Please return every line of the material verbatim and skip any images.

__Collected material__:
# # # # # # #

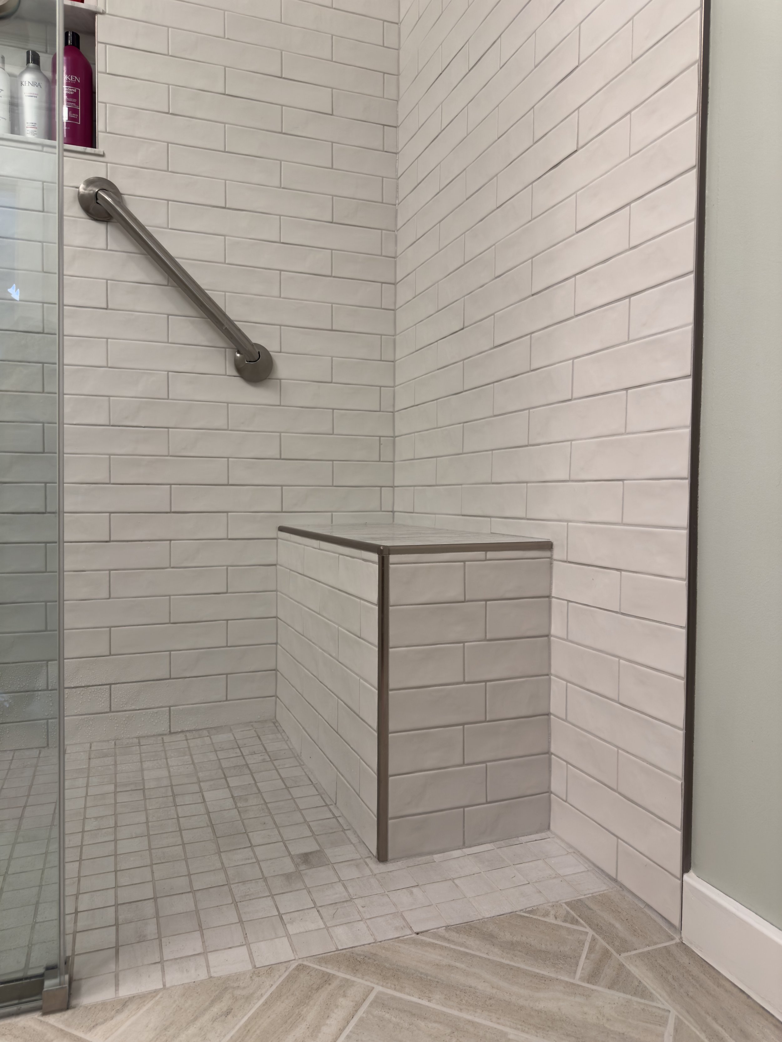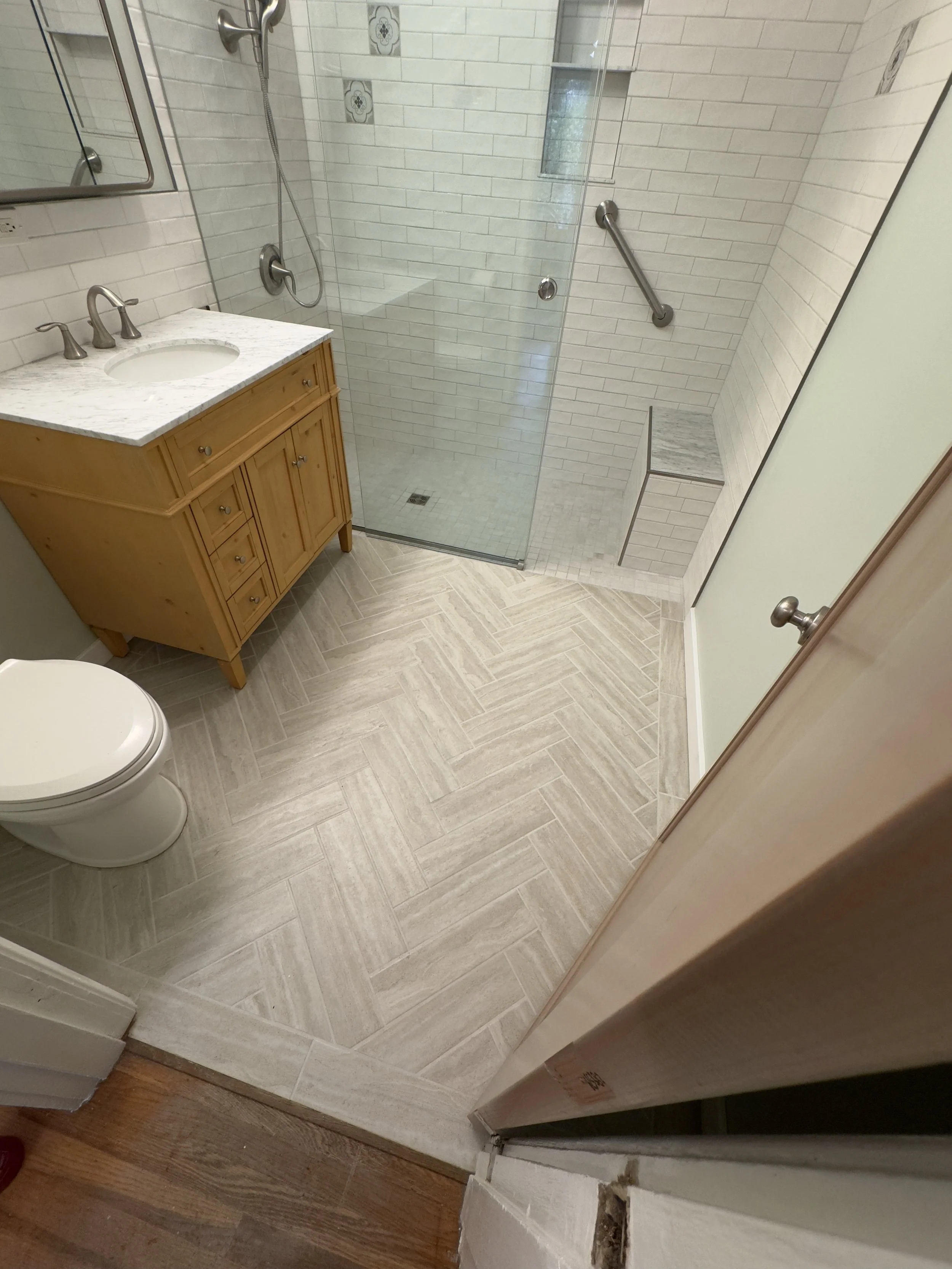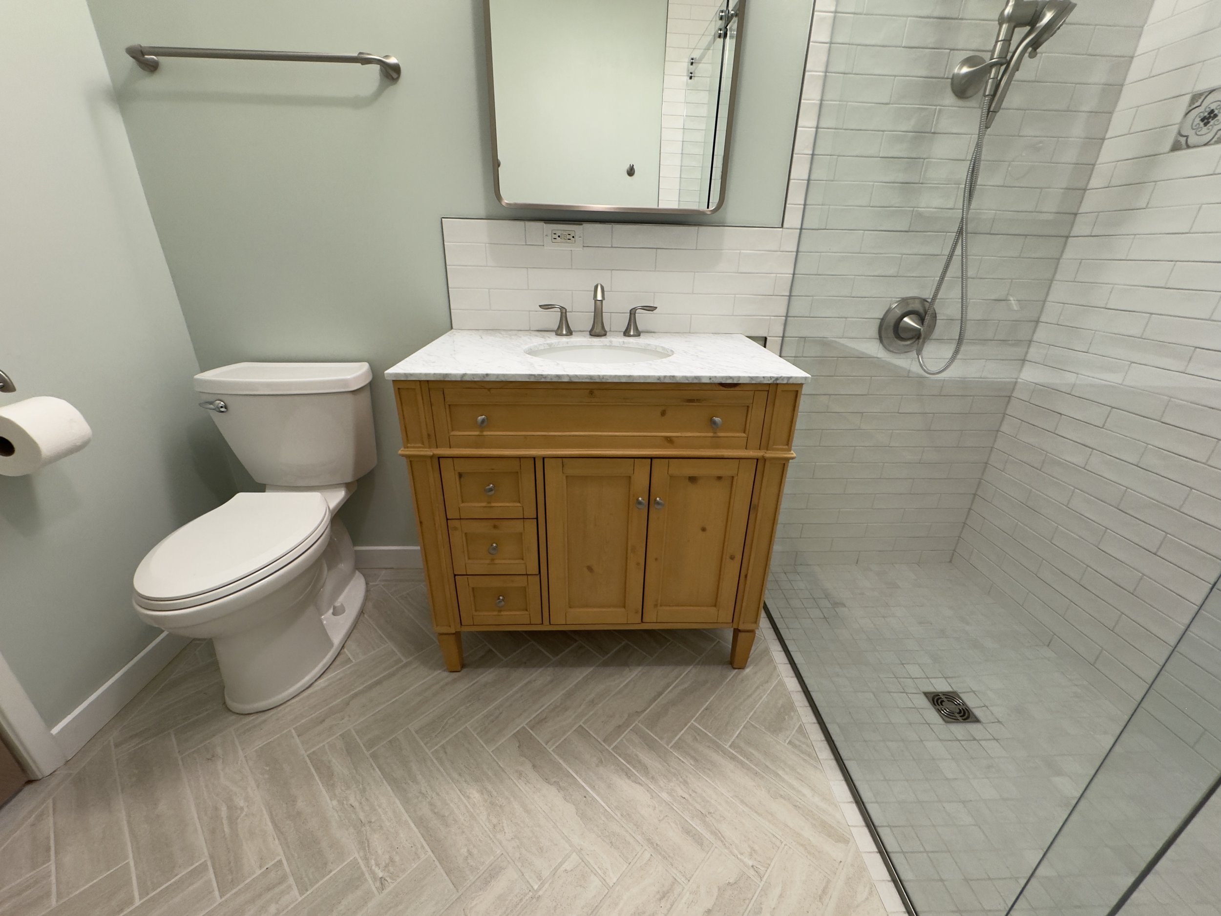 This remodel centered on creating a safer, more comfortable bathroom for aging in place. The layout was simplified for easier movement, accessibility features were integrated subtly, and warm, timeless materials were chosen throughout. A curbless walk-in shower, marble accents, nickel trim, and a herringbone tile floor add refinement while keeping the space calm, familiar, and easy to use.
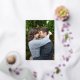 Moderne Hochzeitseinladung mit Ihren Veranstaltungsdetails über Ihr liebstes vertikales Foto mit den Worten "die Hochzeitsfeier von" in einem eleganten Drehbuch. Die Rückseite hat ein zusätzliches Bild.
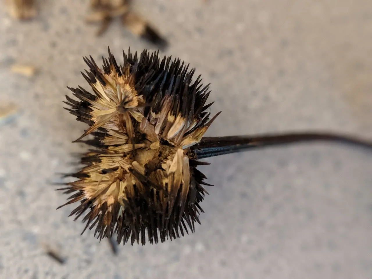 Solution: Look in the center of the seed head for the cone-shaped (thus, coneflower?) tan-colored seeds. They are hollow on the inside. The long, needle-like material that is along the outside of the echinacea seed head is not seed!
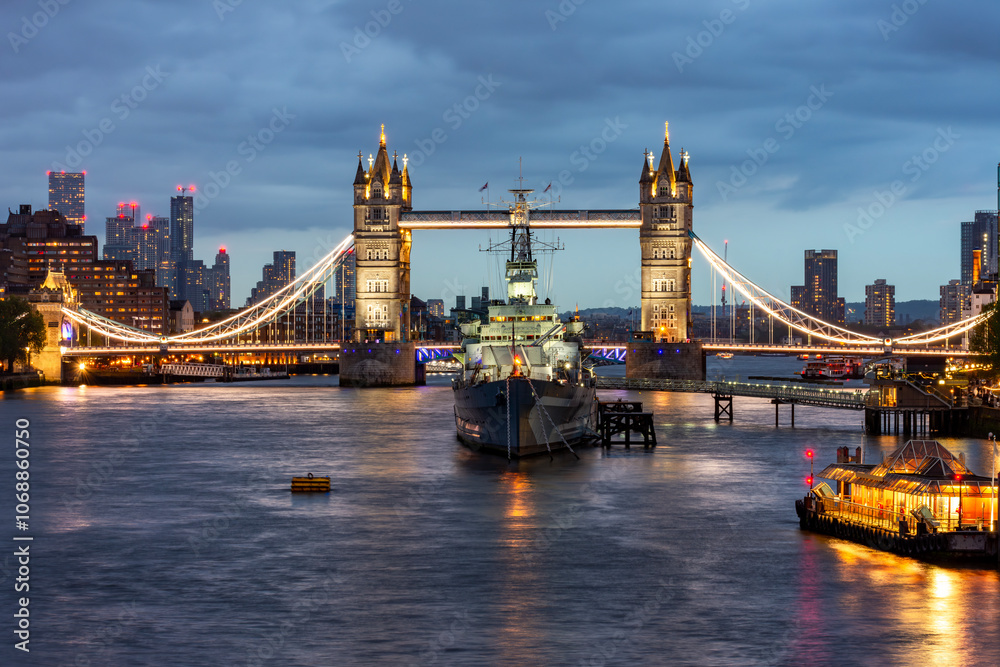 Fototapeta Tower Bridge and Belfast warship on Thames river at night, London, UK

# # # # # # #

__Solution for this task__:
 This remodel centered on creating a safer, more comfortable bathroom for aging in place. The layout was simplified for easier movement, accessibility features were integrated subtly, and warm, timeless materials were chosen throughout. A curbless walk-in shower, marble accents, nickel trim, and a herringbone tile floor add refinement while keeping the space calm, familiar, and easy to use.
 Moderne Hochzeitseinladung mit Ihren Veranstaltungsdetails über Ihr liebstes vertikales Foto mit den Worten "die Hochzeitsfeier von" in einem eleganten Drehbuch. Die Rückseite hat ein zusätzliches Bild.
 Solution: Look in the center of the seed head for the cone-shaped (thus, coneflower?) tan-colored seeds. They are hollow on the inside. The long, needle-like material that is along the outside of the echinacea seed head is not seed!
 Fototapeta Tower Bridge and Belfast warship on Thames river at night, London, UK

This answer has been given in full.